Dzisiaj była 1 runda tegorocznej Pomorskiej Ligi Szachowej. Niestety niepotrzebnie wstałem, niepotrzebnie się ubrałem, niepotrzebnie pojechałem do Lipusza, niepotrzebnie się wkurwiłem i, jak się później okazało, nadużyłem za dużo słów “niepotrzebnie” w tym zdaniu. 

Ale od początku…

Ostatni czas był trochę słaby u mnie, mniejsza o szczegóły, ale nie było przyjemnie. W piątek, jeden dzień przed ligą, siedziałem zrezygnowany i mamlałem pod nosem, że nie chce mi się jechać na ligę, nie chce mi się grać w szachy i w ogóle nic mi się nie chce.

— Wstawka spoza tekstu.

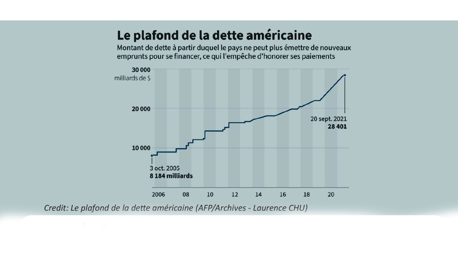Les États-Unis ont atteint leur plafond d’endettement le jeudi 19 janvier 2023, soit le niveau maximum de ce qu’ils peuvent emprunter pour faire fonctionner le pays. Ce plafond est de 31 000 milliards de dollars. La limite étant dépassée, le Trésor américain ne peut plus emprunter, même à court terme, pour des besoins de fonds de roulement. Il existe pour l’heure une période de suspension d’émission de dette qui durera jusqu’au 5 juin.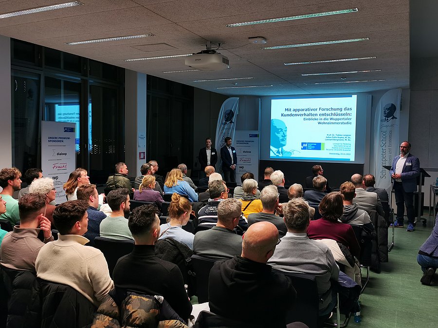 On Thursday 23 November, the Marketing Club Bergisch Land held its club evening at the Schumpeter School of Business and Economics at the University of Wuppertal. Professors Tobias Langner, Julian Felix Kopka and Lennart Borgmann took the guests of the club evening on an exciting journey into the world of modern marketing research. Participants were able to experience one of Europe's most modern brand laboratories up close and try out equipment-based research methods such as eye-tracking for themselves. The highlight of the club evening was the "Wuppertal Living Room Study". As one of the world's largest studies using mobile eye-tracking, it analyses evening media consumption in over 100 households. This provides unique insights into how we deal with media and advertising today.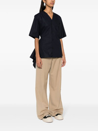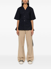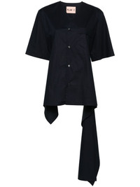 short-sleeve cotton shirt Highlights - Midnight blue - Cotton - Poplin texture - V-neck - Chest patch pocket - Short sleeves - Tied waist - Straight hem - Front button fastening Made in Italy Composition Cotton 100% SIZE & FIT Model measurements Height 5 ft 9 in(1.76 m) Bust/Chest 31.88 in(81 cm) Hips 35.43 in(90 cm) Waist 22.44 in(57 cm) FittingInformation Designed to be unstructured, offering a loose fit throughout The adjustable tie waist gives a more adaptable and personalised fit Made from a midweight non-stretch fabric This piece fits true to size – take your usual size Washing instructions Dry Clean Only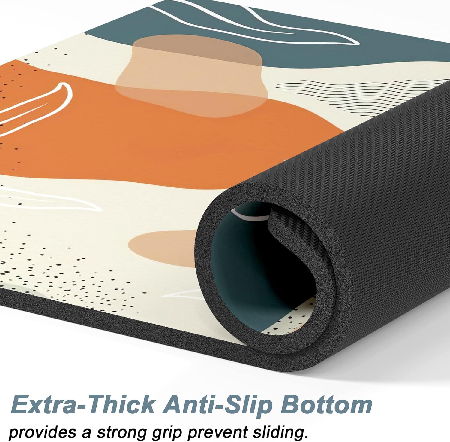 Rnivvi Dog Food Mat, 12" x 19" Boho Absorbent Dog Cat Bowl Mat for Food and Water, Cute Anti-Slip Rubber Pet Feeding Rug Protect Floors, Puppy Placemat for Feeding & Watering Supplies, Abstract Leaves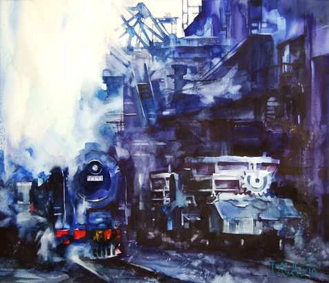 #aquarelle #architecture #busy #chimney #city #cityscape #colorful #dawn #drawing #dusk #factory #illustration #industrial #industry #ink #landscape #painting #pen #sector #sketch #sky #sunset #tank #train #twilight #wagon #watercolor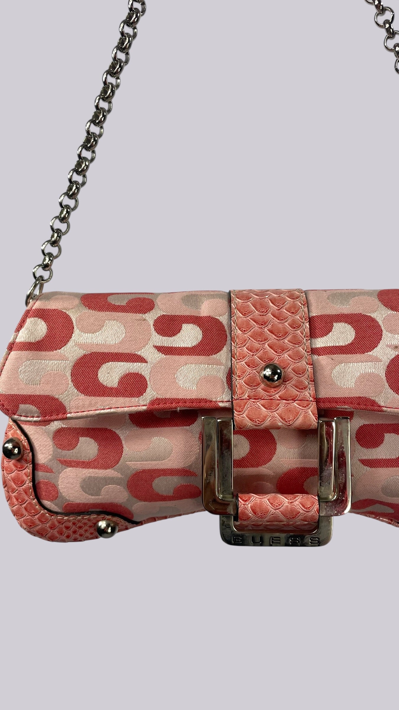 Sac Guess Vintage corail à monogramme avec dès details en similicuir motif serpent.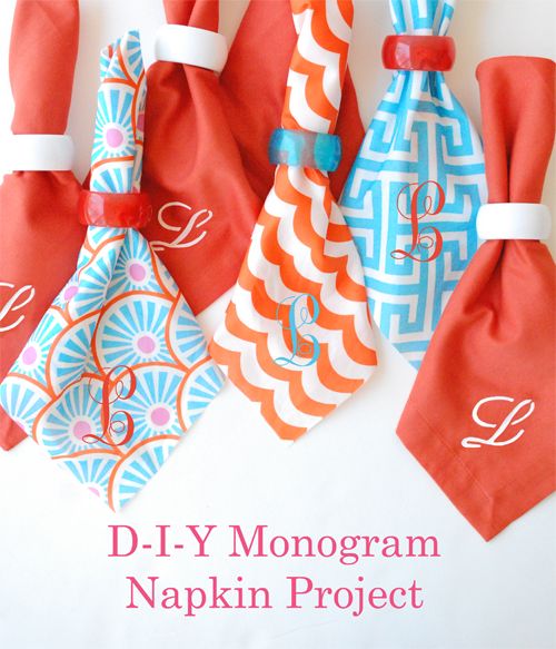7. Monogram Napkin Project: Kelly Lyden shares her step-by-step instructions for painting an initial monogram on cloth napkins, using Martha Stewart’s new craft stencil collection. This (via The Party Dress)

“Ale zaraz… Mi się nie chce?! Przecież jestem tym pierwszym w składzie, przecież drużyna na mnie liczy! Przecież jestem najbardziej zmotywowaną osobą jaką znam. Musi mi się chcieć! Po prostu musi!”

Poszedłem do przedpokoju i do lustra powiedziałem “Rusz dupę leniwa łajzo, ZRÓB TO TERAZ!

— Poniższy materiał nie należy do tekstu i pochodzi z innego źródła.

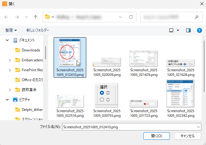 ボタンクリックで TOpenDialog が表示されます。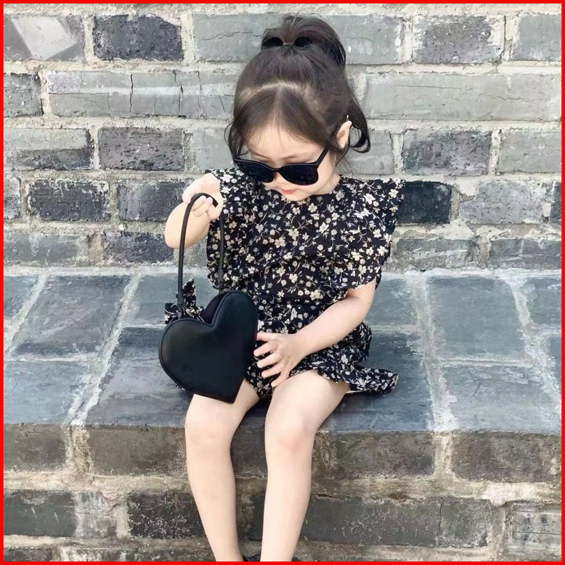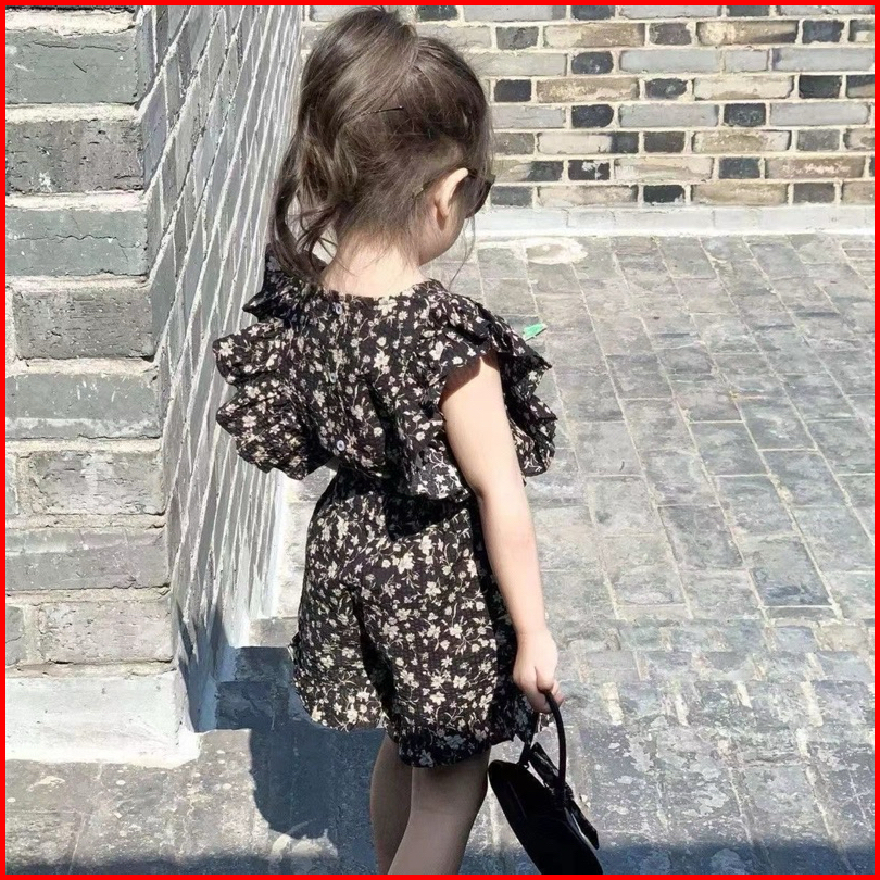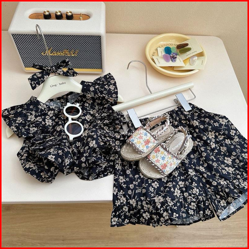 2-10tahun Setelan Pendek Ruffle Floral Hitam Baju Anak Perempuan Bunga Korean Outfit

Tak oto mówiąc do samego siebie i warcząc niczym wiking przed bojem, rozpocząłem żmudne przygotowania do partii. Nabrałem wojowniczego wigoru i z temperamentem godnym maratończyka na ostatnich kilometrach zabrałem się za przygotowanie wielkich planów.

Ten dzień!

Dzień później okazało się na miejscu, że wygram dwie partie walkowerami z powodu braku mojego przeciwnika. Szczerze mówiąc wściekłem się. “Wszystko niepotrzebnie rano zrobiłem!” – myślałem. I wtedy przez najbliższe dwie godziny okazało się, że jednak to było potrzebne. Potrzebne było żebym ruszył tą dupę, oderwał się od tego wszystkiego, wyszedł z domu i zresetował swoje myślenie. Wtedy to czekając na powrót zamyśliłem się głęboko i zadałem sobie dwa pytania.

Dlaczego w ogóle gram w Lipuszu? Co mnie tu sprowadziło?

Nie pamiętam, który to był rok, ale na pewno chodziłem wtedy do gimnazjum. Pewnego dnia z kolegą z kółka szachowego stwierdziliśmy, że zrobimy sobie wycieczkę szachową do Lipusza, bo jest turniej. Był to turniej 5 minut na zawodnika, nie bardzo lubiłem to tempo, ale wydawał się to fajny pomysł i chciałem coś wygrać. Bardzo chciałem coś wygrać. Turniej ten poszedł mi fatalnie. Pamiętam do dzisiaj moje zdenerwowanie i zażenowanie, kiedy przegrywałem ze słabszymi przeciwnikami w wygranych pozycjach, denerwując się coraz bardziej. Na uroczystym zakończeniu zostałem, siedząc z miną jakby mi pół rodziny wymordowano.

“Ja tutaj wrócę! Wrócę i pokażę WAM WSZYSTKIM co jestem wart!” 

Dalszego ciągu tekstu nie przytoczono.